Share your dilemmas and get honest opinions from other Mumsnetters.

I think my daughter is throwing her life away

798 replies

BeauxBelle · 23/08/2023 12:14

My daughter is 22, 23 next week, she is a smart, confident, beautiful girl. She did very well in her A-Levels, took a gap year to travel, did a BA in Classics and Ancient History, currently finishing her MA in Classics. She is in a relationship with a man 16 years older, they started dating 3 years ago, got engaged last year, due to marry next September.
We went for lunch yesterday, talking about the future etc. and she dropped that she is starting a second masters next month, immediately after the completion of her current one, this time in English Literature, when I asked why she doesn't plan to get a job, she explained that she doesn't intend to work, She will marry, then they will start trying for children and she will be a stay-at-home mum.
I'm upset and angry, we paid for her to attend top schools her whole life, funded the gap year, all her Uni costs, we are paying for this big dreamy wedding, to a man we do not like (he will be 40 when they marry!!) and for what, for her to stay home and make no life of her own??
Her fiancé is from a decently well off family, he owns a home mortgage free, plans to sell and his parents have offered to cover a ridiculous amount extra to buy a family home. She has tried to reassure me by saying we don't have to pay for this masters as her fiancé has offered to. I'm terrified he is trying to trap her, leave her with no independence. She is sure he isn't. I am a GP, my husband is a Lawyer, I thought we had raised our children to know you have to work hard and earn your own living!!
I feel like she is throwing her life away to play housewife to an older man!!
AIBU to feel she is throwing her life away? Should I share my concerns or leave her to it?

OP posts:
Frabbits · 23/08/2023 12:56

Comedycook · 23/08/2023 12:53

Most sahms have worked before having children. I suspect this has nothing to do with her deep seated desire to bring her potential children up as a sahm but her deep seated desire to not work.

So what if it is?

If someone can bankroll their life via parents/partners etc, why work if they don't need to? Plenty of people do exactly that.

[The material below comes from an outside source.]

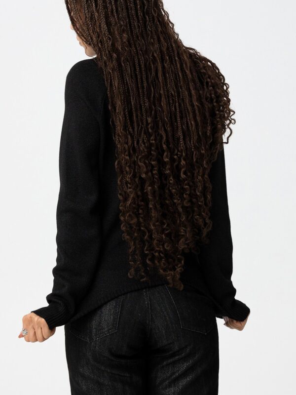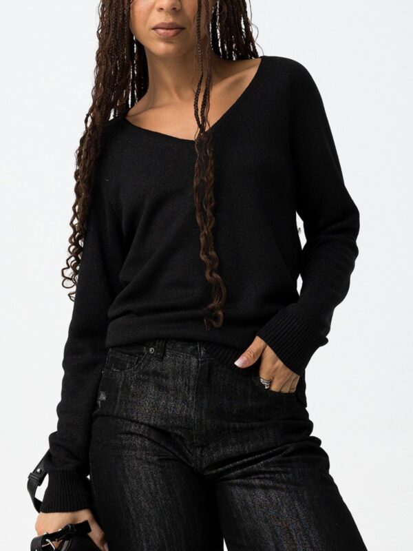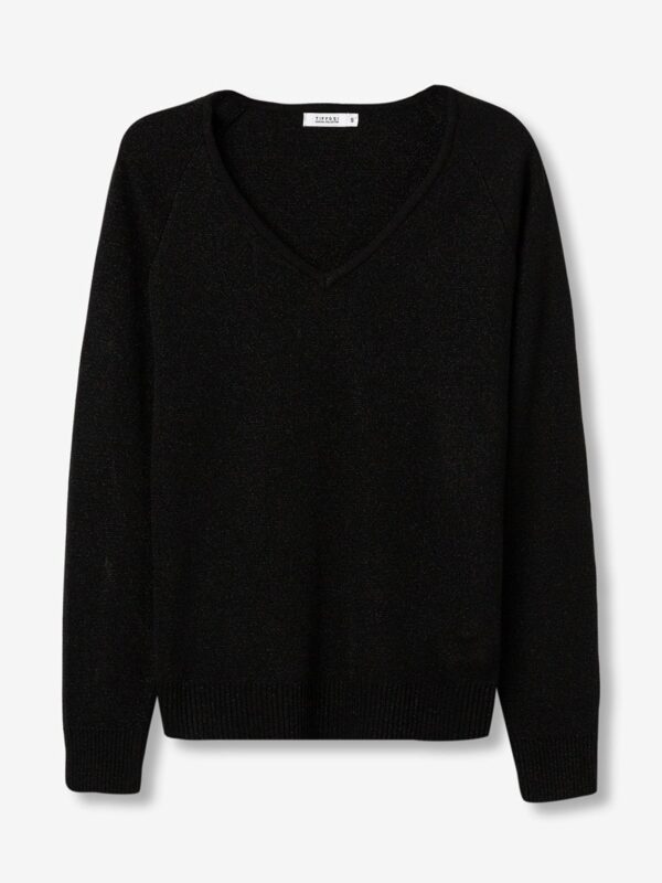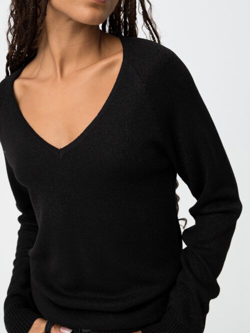 Jersey, de corte slim fit, confeccionado en tejido con incrustación de hilo metálico dorado. Modelo con escote en pico, manga larga y acabados de canalé en cintura y puños.
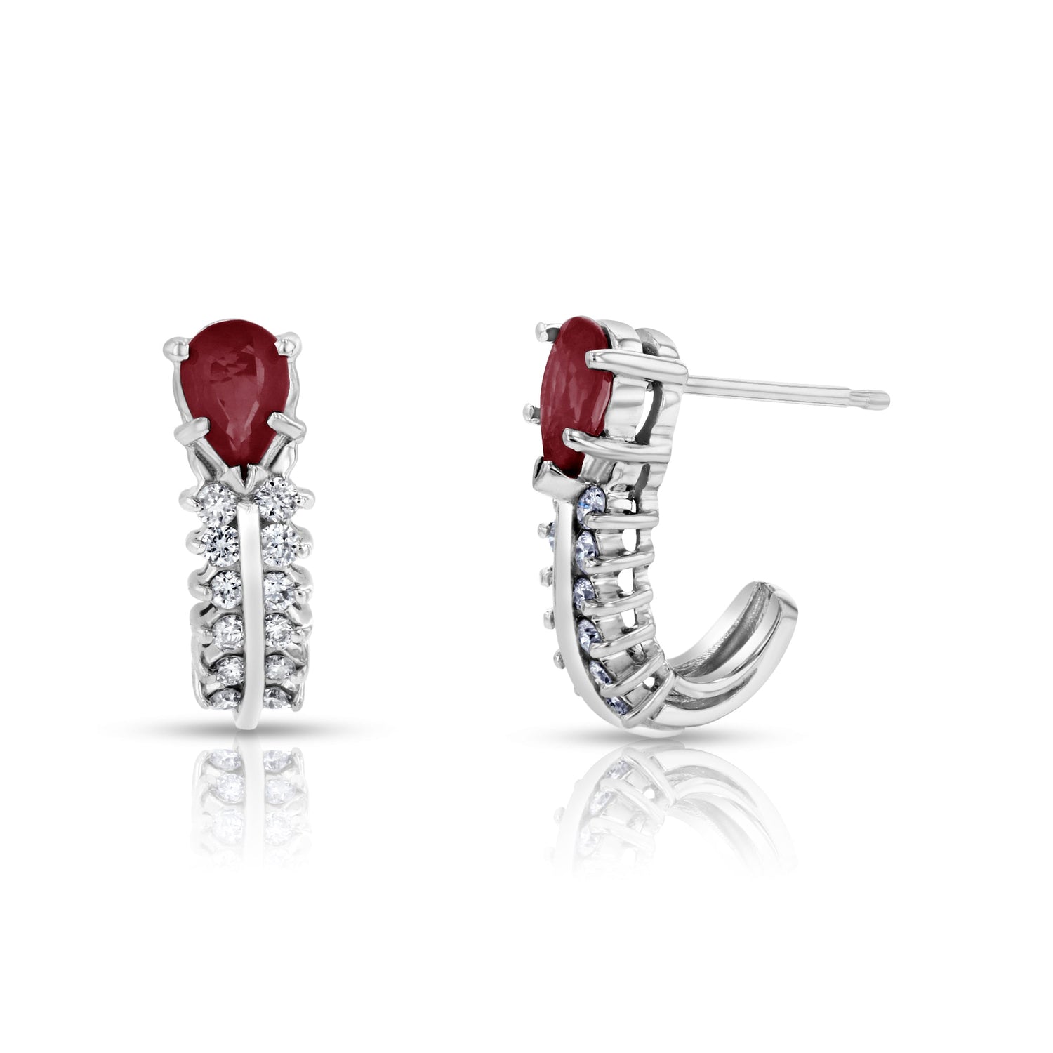 0.30ctw Diamonds and Ruby Earrings in 14k White Gold

OP just seems to think that her daughter should suddenly develop a desire to work when her whole life her parents have ensured she doesn't need to.

Ghilli · 23/08/2023 12:56

I don't understand why you're confused that she has no desire to work.

You've said you brought her up to earn a living, and then in the next breath handed her five figure sums of money so she can go travelling.

You're confused because your son, having had the same treatment, is now an accountant. I'd suggest that this is through luck than design. He's the anomaly, whereas your daughter is simply living her life the way you raised her.

StampOnTheGround · 23/08/2023 12:56

I'm sorry OP, but you've moulded her into this person by giving her everything in life. She's never had to save, she's never had a part-time job.

BlueMoe · 23/08/2023 12:57

LoserWinner · 23/08/2023 12:29

My parents paid for my education 'so I could have choices'. When I made a life choice they didn't like, they responded much the way the OP is here. There seems to be a transactional element here - 'we paid for you to have a good education, now you have to pay us back by using that education to live the life we want for you.' That is not loving parenting. Even if the daughter is making a huge mistake, she's an adult who is entitled to make her own mistakes. The OP needs to back off, support the daughter, and accept that she's now an adult.

Completely disagree. You got opportunities that you were prepared to turn your nose at, on someone else’s dime.

Sometimes parents make a lot of sacrifices for their children to have more/the best.
For example if parents pay for a child to get the best training/kit/access for their child to have a chance as a professional sports player, but the child starts smoking, we would tell the young person they are ungrateful and an idiot, and we would commiserate with the parents and tell them not to throw good money after bad.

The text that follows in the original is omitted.